▶ [Work item]: Write out the lines from the top of the material through the line with "Молодая женщина сидит", exactly and with nothing added.

▶ [Input material]:
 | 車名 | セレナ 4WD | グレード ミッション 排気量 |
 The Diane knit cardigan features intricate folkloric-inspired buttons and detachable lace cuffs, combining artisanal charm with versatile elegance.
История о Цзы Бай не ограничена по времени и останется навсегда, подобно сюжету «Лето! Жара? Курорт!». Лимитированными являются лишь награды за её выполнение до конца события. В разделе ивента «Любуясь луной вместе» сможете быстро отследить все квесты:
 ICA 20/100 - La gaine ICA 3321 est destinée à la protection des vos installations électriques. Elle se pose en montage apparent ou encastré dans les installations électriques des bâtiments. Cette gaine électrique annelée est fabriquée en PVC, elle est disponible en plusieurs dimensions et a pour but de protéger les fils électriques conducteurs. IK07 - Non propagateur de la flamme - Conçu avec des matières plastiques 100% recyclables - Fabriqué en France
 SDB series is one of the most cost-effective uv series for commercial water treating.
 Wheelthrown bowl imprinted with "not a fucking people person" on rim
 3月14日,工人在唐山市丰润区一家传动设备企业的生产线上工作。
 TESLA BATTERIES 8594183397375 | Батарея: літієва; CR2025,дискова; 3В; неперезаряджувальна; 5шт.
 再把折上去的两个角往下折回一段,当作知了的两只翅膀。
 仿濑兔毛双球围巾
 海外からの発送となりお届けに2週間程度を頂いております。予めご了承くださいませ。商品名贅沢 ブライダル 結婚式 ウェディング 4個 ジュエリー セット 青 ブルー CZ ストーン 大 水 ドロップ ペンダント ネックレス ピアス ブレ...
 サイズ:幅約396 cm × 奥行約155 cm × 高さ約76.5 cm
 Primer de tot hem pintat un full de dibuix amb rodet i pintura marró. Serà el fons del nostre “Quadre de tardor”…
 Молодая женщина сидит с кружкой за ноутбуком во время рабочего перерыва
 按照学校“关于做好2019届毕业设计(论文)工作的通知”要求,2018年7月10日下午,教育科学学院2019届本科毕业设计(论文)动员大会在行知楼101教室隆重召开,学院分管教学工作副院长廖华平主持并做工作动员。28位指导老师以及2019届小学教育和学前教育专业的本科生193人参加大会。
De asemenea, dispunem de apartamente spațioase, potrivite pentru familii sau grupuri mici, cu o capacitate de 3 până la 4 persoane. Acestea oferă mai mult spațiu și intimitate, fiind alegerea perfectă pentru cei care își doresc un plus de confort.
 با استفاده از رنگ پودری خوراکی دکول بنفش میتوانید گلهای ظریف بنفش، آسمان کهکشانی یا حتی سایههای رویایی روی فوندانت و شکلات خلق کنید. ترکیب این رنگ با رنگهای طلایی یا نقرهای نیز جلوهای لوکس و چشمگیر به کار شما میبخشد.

▶ [The completed task]:
 | 車名 | セレナ 4WD | グレード ミッション 排気量 |
 The Diane knit cardigan features intricate folkloric-inspired buttons and detachable lace cuffs, combining artisanal charm with versatile elegance.
История о Цзы Бай не ограничена по времени и останется навсегда, подобно сюжету «Лето! Жара? Курорт!». Лимитированными являются лишь награды за её выполнение до конца события. В разделе ивента «Любуясь луной вместе» сможете быстро отследить все квесты:
 ICA 20/100 - La gaine ICA 3321 est destinée à la protection des vos installations électriques. Elle se pose en montage apparent ou encastré dans les installations électriques des bâtiments. Cette gaine électrique annelée est fabriquée en PVC, elle est disponible en plusieurs dimensions et a pour but de protéger les fils électriques conducteurs. IK07 - Non propagateur de la flamme - Conçu avec des matières plastiques 100% recyclables - Fabriqué en France
 SDB series is one of the most cost-effective uv series for commercial water treating.
 Wheelthrown bowl imprinted with "not a fucking people person" on rim
 3月14日,工人在唐山市丰润区一家传动设备企业的生产线上工作。
 TESLA BATTERIES 8594183397375 | Батарея: літієва; CR2025,дискова; 3В; неперезаряджувальна; 5шт.
 再把折上去的两个角往下折回一段,当作知了的两只翅膀。
 仿濑兔毛双球围巾
 海外からの発送となりお届けに2週間程度を頂いております。予めご了承くださいませ。商品名贅沢 ブライダル 結婚式 ウェディング 4個 ジュエリー セット 青 ブルー CZ ストーン 大 水 ドロップ ペンダント ネックレス ピアス ブレ...
 サイズ:幅約396 cm × 奥行約155 cm × 高さ約76.5 cm
 Primer de tot hem pintat un full de dibuix amb rodet i pintura marró. Serà el fons del nostre “Quadre de tardor”…
 Молодая женщина сидит с кружкой за ноутбуком во время рабочего перерыва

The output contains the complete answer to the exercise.